Dubai’s Islamic bond gains squash concerns that another real estate bubble may be forming.
The Emirate’s real estate sector continues to perform strongly, but the IMF is warning the government to be ready for a timely intervention. In the aftermath of the global financial meltdown, the Dubai property market crashed and property prices plummeted to less than half their 2009 and 2010 peak values. The downfall of the real estate market triggered a corporate debt crisis and brought Dubai to the verge of default.
DUBAI BOND MARKET
Market analysts believe that while concerns may be valid, the risks are already factored into the bond prices. In July, Dubai’s sukuk yield fell from 6.45 percent to 5.19 percent, the highest drop in the past 13 months. Further, Dubai’s credit default swaps have also declined 105 basis points in the past 12 months to 220 in early August. In comparison, the MENA contracts recorded an average 17 basis-point decline to 290.

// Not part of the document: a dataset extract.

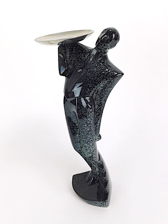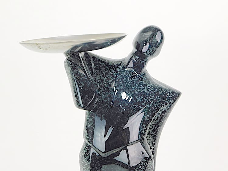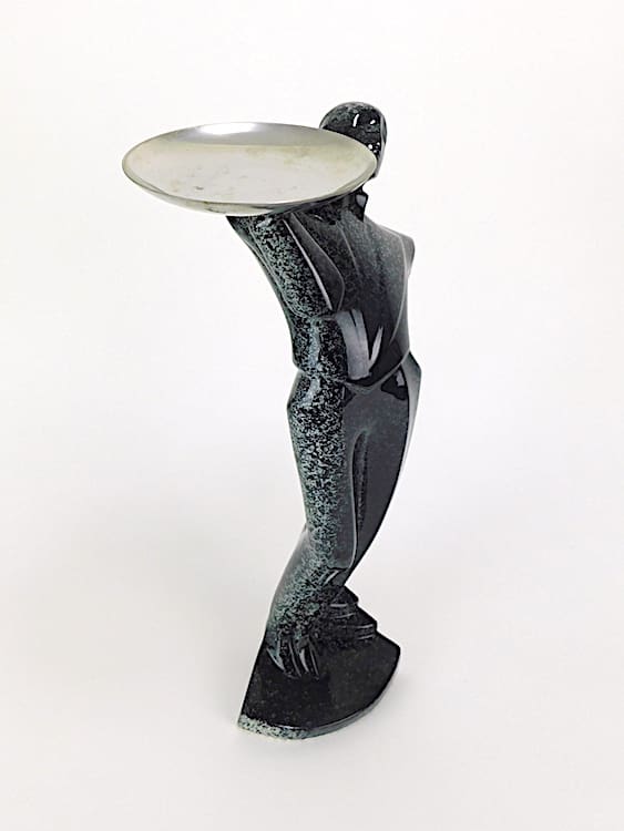 This one has come from some old stock that came out of her workshop when she finished the business in the mid 1980s. This one has the stepped curved base which makes it a very early one and possibly a prototype. It has a speckled black/green finish. The tray is chromed metal.
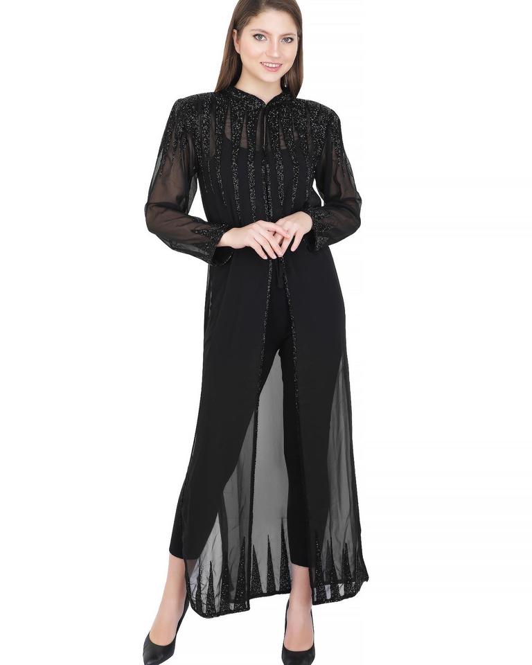 Luxury Modest Open Front Kaftan Abaya Hand-Beaded Embroidered Crepe Wedding Dress for Women with Hot Crystal Appliques Sale

Compared to last year, property prices in the Emirate have climbed by almost 35 percent. During the past three quarters, major Dubai property developers have announced the launch of many ambitious real estate projects. Although Dubai’s success story revolves around promoting an investor-friendly climate combined with low taxes, the IMF has hinted that state authorities may wish to consider a fee on real estate market activity.
IMF URGES CAUTION ON DEBT
However, the government needs to scrutinize and monitor such massive real estate development projects. Many of Dubai’s government-linked enterprises (GREs) are still burdened with huge sums of debt left over from the previous crisis. According to IMF figures, the total debt of the Dubai government and its GREs has swelled to USD 142 billion by the end of April 2013. This debt now amounts to 102 per cent of the gross domestic product of Dubai and the UAE’s small northern Emirates. It is estimated that USD 64 billion of the debt held by Dubai and GREs will become due between 2014 and 2016.
Some developers, such as Nakheel, are ‘hedging their bets’ by lengthening the repayment terms for their debt now, while the real estate market is on sound footing.